The Transformer model is based on a mechanism, referred to as self-attention, that directly models the relationships between words in a sentence, regardless of their respective positions in the sentence.

Encoder: The left part of the diagram represents the encoder, which processes the input data. The input sequence is processed through multiple layers of multi-head attention and feed-forward networks, with each of these layers followed by the residual connection and linear normalization steps.
–
Embeddings: The numerical representations of words, phrases, or other types of data. In the case of LLMs, they represent words or tokens. Each word or token is mapped to a vector of real numbers that captures semantic and syntactic information about the word. The words with similar meanings or used in similar contexts will have similar vector representations.
*
Input Sequence Embedding: Input tokens’ conversion into vectors of a fixed dimension.
–
Positional Encoding: Adds information about the positional order of the respective words of the sequence.
–
Multi-Head Attention: Applies self-attention multiple times in parallel to capture different aspects of the data. This allows joint attention to information from different representation subspaces, referred to as heads, at different positions. Using multiple heads, the model captures different types of dependencies from different representational spaces. For example, one head might learn to pay attention to syntactic dependencies, while another might learn semantic dependencies. The mathematical representation of this is as follows. Let us we denote the linear transformations that produce the queries, keys, and values for head i with $W_{i}^{Q}$ , $W_{i}^{K}$ , $W_{i}^{V}$ , respectively, and the output linear transformation with $W^{O}$ . Then, the multi-head attention operation MultiHead can be defined as

$MultiHead (Q, K, V) = Concat ({head}_{1}, \dots, {head}_{h}) W^{O},$

where each head ${head}_{i}$ is computed as

${head}_{i} = Attention (Q W_{i}^{Q}, K W_{i}^{K}, V W_{i}^{V})$

and Attention is the scaled dot-product attention function:

$Attention (Q, K, V) = softmax (\frac{Q K^{T}}{\sqrt{d_{k}}}) V .$

Here, $d_{k}$ is the dimensionality of the key vectors, while the division by $\sqrt{d_{k}}$ is the scaling factor.
Q, K, V: The input to the multi-head attention layer is first linearly transformed into three different sets of vectors: queries (Q), keys (K), and values (V). This is done for each attention head using different, learned linear projections.
Scaled dot-product attention: For each head, the scaled dot-product attention is independently calculated. The dot product is computed between each query and all keys, which results in a score that represents how much focus to place on other parts of the input for each word. These scores are scaled down by the dimensionality of the keys (typically the square root of the key dimension) to stabilize the gradients during training. A softmax function is applied to the scaled scores to obtain the weights on the values.
Attention output: The softmax weights are then used to create a weighted sum of the value vectors. This results in an output vector for each head that is a combination of the input values, weighted by their relevance to each query.
Concatenation: The output vectors from all heads are concatenated. Since each head may learn to attend to different features, concatenating them combines the different learned representation subspaces.
Linear transformation: The concatenated output undergoes a linear transformation to produce the final product of the multi-head attention layer.
Feed-forward network: A fully connected feed-forward network is applied to each position separately and identically.
Residual connection and linear normalization: Applies residual connections and layer normalization.

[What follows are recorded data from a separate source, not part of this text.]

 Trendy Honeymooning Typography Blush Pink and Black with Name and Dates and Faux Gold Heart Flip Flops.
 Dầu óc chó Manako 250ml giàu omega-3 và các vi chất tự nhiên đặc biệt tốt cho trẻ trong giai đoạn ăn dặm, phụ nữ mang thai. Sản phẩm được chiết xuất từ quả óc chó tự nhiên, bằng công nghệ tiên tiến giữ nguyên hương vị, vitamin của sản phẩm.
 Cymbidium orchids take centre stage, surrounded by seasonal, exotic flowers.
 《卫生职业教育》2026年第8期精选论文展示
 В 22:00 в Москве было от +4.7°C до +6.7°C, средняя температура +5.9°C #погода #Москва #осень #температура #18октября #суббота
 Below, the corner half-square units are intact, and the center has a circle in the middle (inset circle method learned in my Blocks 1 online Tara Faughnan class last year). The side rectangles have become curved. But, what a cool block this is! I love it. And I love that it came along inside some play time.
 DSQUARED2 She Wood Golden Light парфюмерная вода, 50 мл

Decoder: The right part of the diagram represents the decoder that generates the output.
–
Target sequence embedding: Converts target tokens into vectors and shifts them to the right.
–
Masked multi-head attention: Prevents positions from attending to subsequent positions during training.
–
Encoder–decoder attention mechanism: Attends to the encoder’s output and the decoder’s input. The keys (K) and values (V) come from the output of the encoder. The similarity between the queries and keys is calculated. This involves taking the dot product of the queries with the keys, scaling it (usually by dividing by the square root of the dimension of the key vectors), and then applying a softmax function to obtain the weights for the values.
–
Feed-forward network: Following the attention mechanisms, there is a feed-forward network. It consists of two linear transformations with a ReLU activation in between.
–
Residual connection and linear normalization: Applies residual connections and layer normalization.
–
Linear transformation before softmax: In the final layer of the decoder, the Transformer model applies a linear transformation to the output of the previous layer. This linear transformation, typically a fully connected neural network layer (often referred to as a dense layer), projects the decoder’s output to a space whose dimensionality is equal to the size of the vocabulary.
–
Softmax function: After this linear transformation, a softmax function is applied to these projected values, which creates a probability distribution over the vocabulary based on the positional attributes.
–
Token selection: The probability distribution for each potential token is analyzed considering the context of the sequence. This analysis determines which tokens are most likely to be the appropriate next elements in the sequence. The token selection can be done using various strategies like greedy decoding, sampling, or beam search.
–
Token generation: Based on this probability distribution, tokens are generated as the output for each position in the sequence.
–
Sequence construction: The selected tokens are combined to form the output text sequence. This can involve converting sub-word tokens back into words and dealing with special tokens such as those that represent the start and end of a sentence.
–
Post-processing: Post-processing is performed, based on syntactical, grammatical, and language rules.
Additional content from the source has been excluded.